Il ricordo - Gli anni con il mio maestro cercando l’anima dei vini ... Ancora una volta mi ha spiazzato. Veronelli, il mio maestro Veronelli, mi aveva sempre detto che sarebbe vissuto fino a 103 anni come la leggendaria contessa Perusini Antonini del Picolit friulano, uno dei primi personaggi del vino che aveva narrato. Prima di togliere il disturbo, diceva, avrebbe bevuto come viatico per l'aldilà un Porto Vintage bicentenario, che gli ricordava una notte d’amore. Invece è andato via in fretta. E’ stato una sorta di Cristoforo Colombo del vino italiano, per primo ha scoperto il vino di qualità, cominciando sul Giorno nel 1956 con una intervista a don Nadalutti che ancora coltivava il Pignolo, raro vitigno friulano. Ci diceva di aver conquistato il sacerdote con una risata. Iniziò così, battendo palmo a palmo l’Italia delle campagne, raccontando migliaia di personaggi, nobili e contadini, accomunati dalla passione per la terra e per il vino.
Di quegli esordi di una professione da lui inventata, quella di giornalista enogastronomo, restano memorabili «I vini d'Italia» (Canesi 1961), un atlante ragionato dell'enologia italica, il primo 400 anni dopo il Bacci. E soprattutto le splendide «Guide Veronelli dell'Italia Piacevole», pubblicate da Garzanti dal '67 in poi, che restano forse la sua opera più bella, mirabile affresco gastronomico di un Paese.
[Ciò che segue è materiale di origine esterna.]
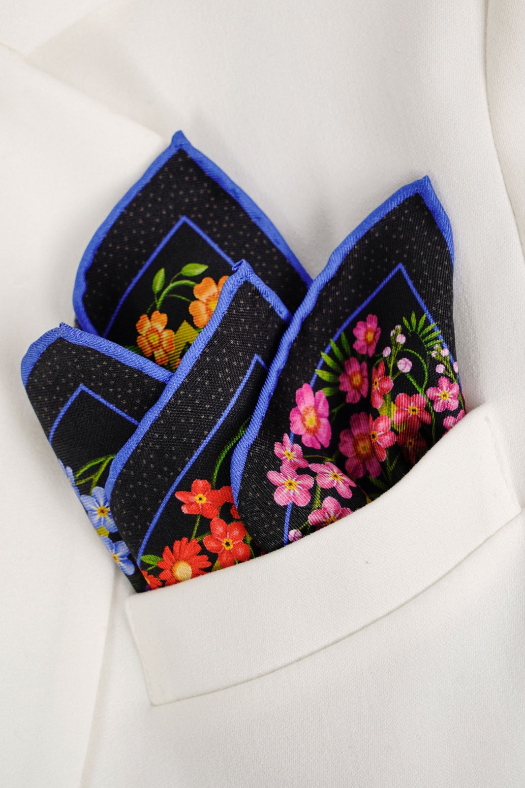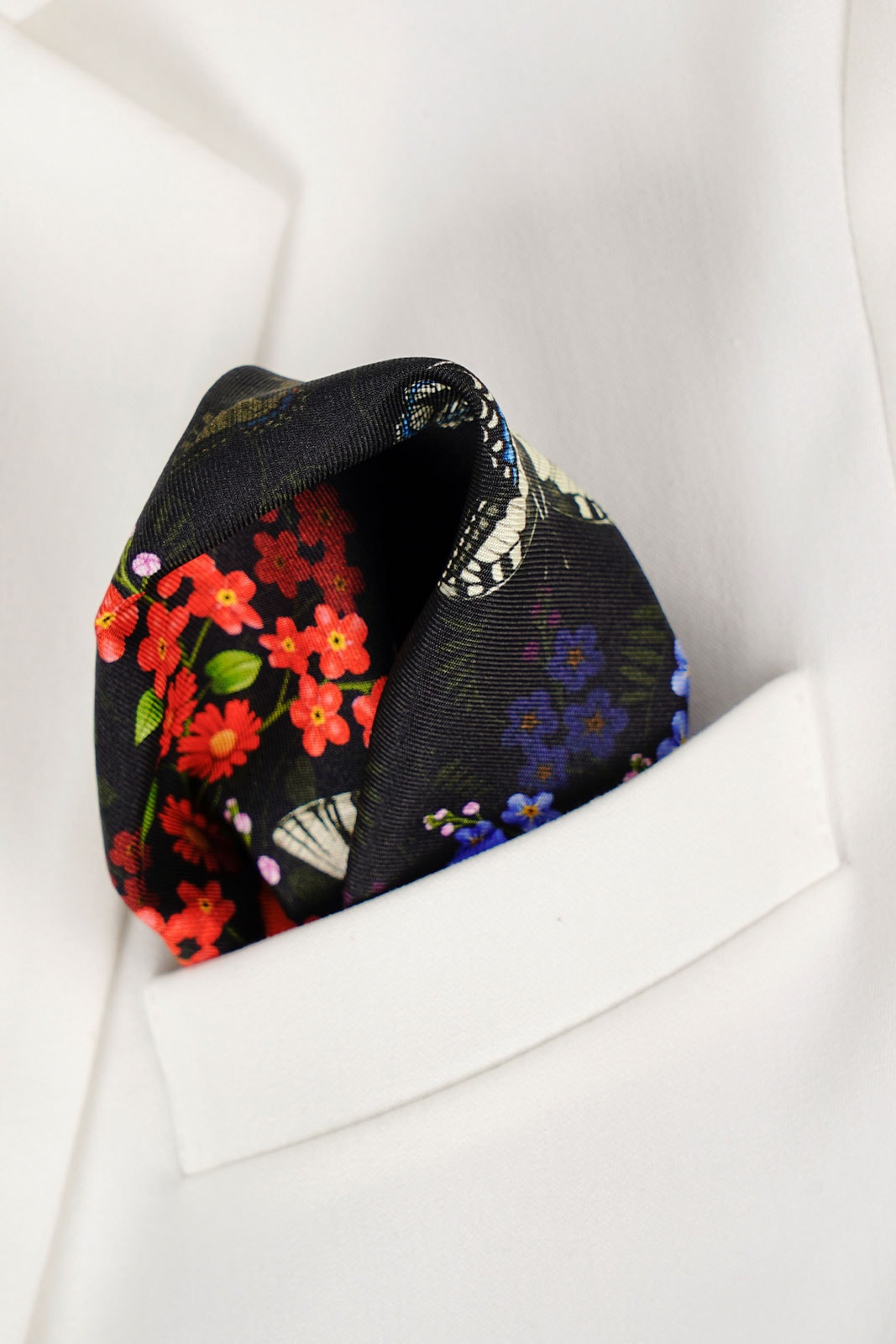 Nasze jedwabne poszetki mają ręcznie rolowane brzegi, dlatego tolerancja wymiaru wynosi do 5%.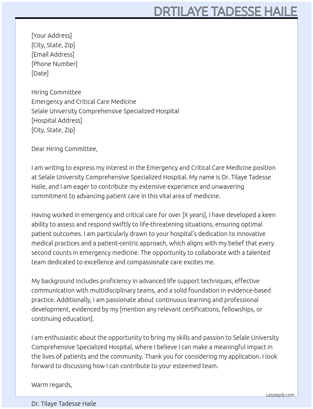 Emergency and critical care medicine Cover Letter At Tadesse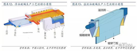 1. 前道:当前,主流的玻璃制备方法包括浮法和溢流法两种:(1)浮法,是将玻璃熔液倒至装有熔解锡的缸内,玻璃熔液浮于锡面,自然而然形成两面平滑的表面,最后慢慢冷却并成长为带状离开锡缸;(2)溢流法则是将熔融的玻璃膏输送至熔融帮浦的中心,再利用溢流的方式,将两股向外溢流的玻璃膏于帮浦的下方处结合成平板玻璃。
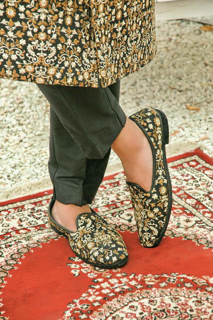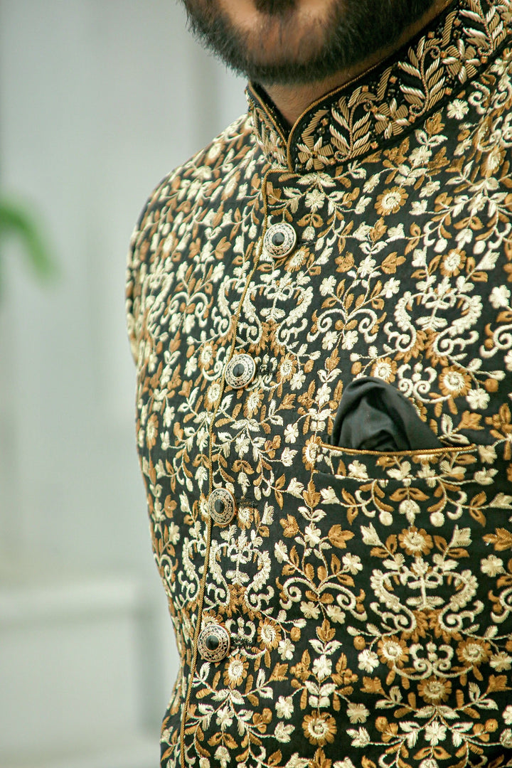 Classic Black Traditional Handwork and Embroidered Sherwani Set
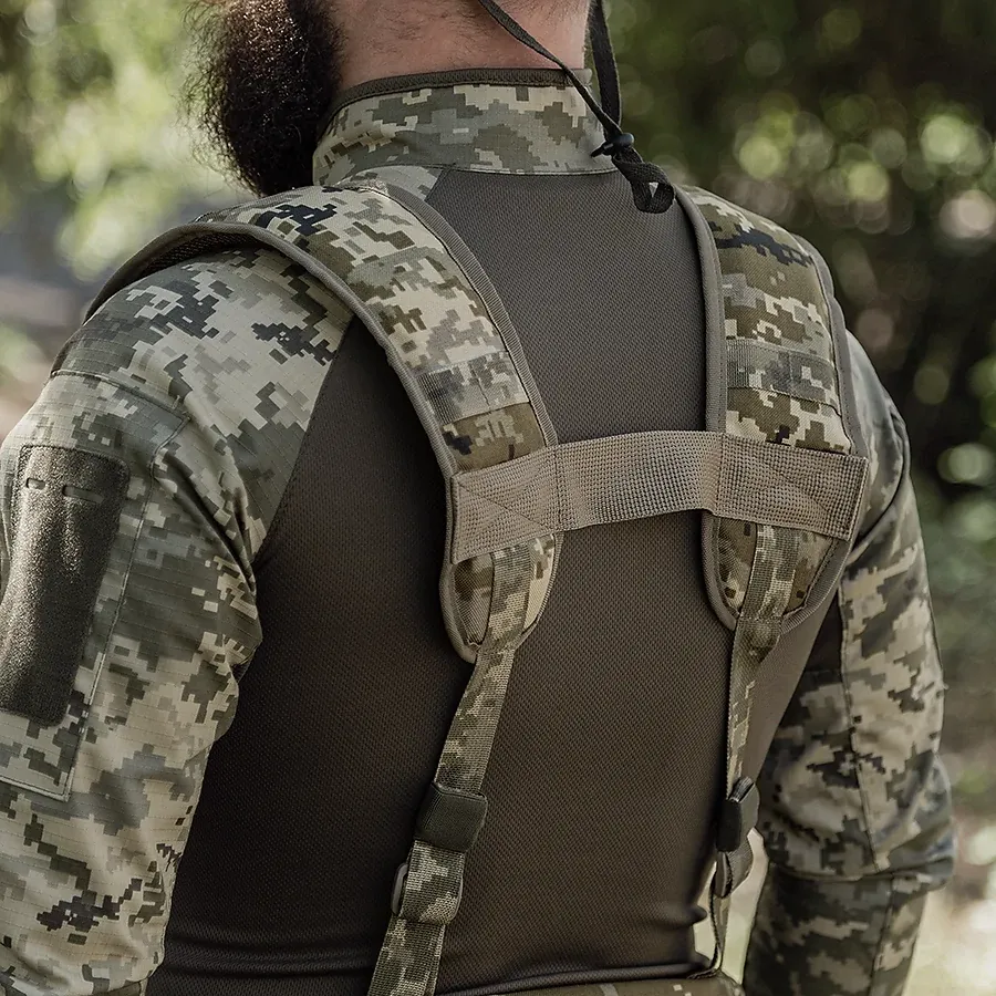 - Комплектується лямками із ремінної стропи 50 мм в кольорі олива, койот або чорний, мм-14 (колір лямок підбирається відповідно до кольору РПС та наявності матеріалу у виробника).

Il mio rapporto con lui è stata una specie di nemesi: da ragazzino mi divertivo a guardare sul teleschermo in bianco e nero quel signore con gli occhiali spessi che parlava di cibo e vino e litigava per scherzo con Ave Ninchi, poi ho finito per fargli da assistente e condividere una parte della sua vita irrequieta e controcorrente fatta di battaglie a favore dei contadini o contro i politici che autorizzavano la produzione di vini insulsi. Il suo motto era «piccolo il podere, minuta la vigna, perfetto il vino». Battaglie che in nome suo, io e altri, abbiamo condotto ai tempi del Seminario Veronelli, associazione di studi ispirata ai suoi insegnamenti.
A Bergamo viveva nella splendida villa che fu del Cardinal Testa (motto all’ingresso, Qui bene latet, bene vivit ), un porto di mare dove sono passati tutti, vignaioli e osti d’Italia, per chiedere consigli che lui dispensava. Ma soprattutto la sua casa era una palestra di vita che ho avuto il privilegio di frequentare quotidianamente per 8 anni, condividendo passioni ed emozioni. Aveva un’umanità straordinaria, metteva a proprio agio tutti: anche chi lo vedeva per la prima volta lo chiamava Gino, io no, perché il ragazzo di bottega deve rispetto al maestro, anche se lui non si definiva tale. Un maestro raro che non ti insegnava niente ma ti trasmetteva tutto, non ti obbligava, ti stimolava e ti stava ad ascoltare come e meglio di un padre.
Veronelli ha creato un suo personalissimo stile di scrittura, con un uso funambolico di neologismi e argute citazioni, non imitabile. E poi c’era il confronto davanti al bicchiere. Veronelli è stato tutto tranne che un tecnico, sapeva immergersi nel vino e averne l’anima che magari sintetizzava in un geniale aggettivo. Anche nel vino più semplice sapeva sempre cogliere il buono, incoraggiava spesso e stroncava solo i vini dell’industria.
Negli ultimi anni ci siamo rivisti e nonostante l'età, e gli acciacchi, anziché ritirarsi Veronelli ha continuato a lottare, discutere, provocare. Ogni volta che mi parlava con entusiasmo dei suoi progetti sentivo quella una incredibile energia, al suo confronto sembravo un matusa.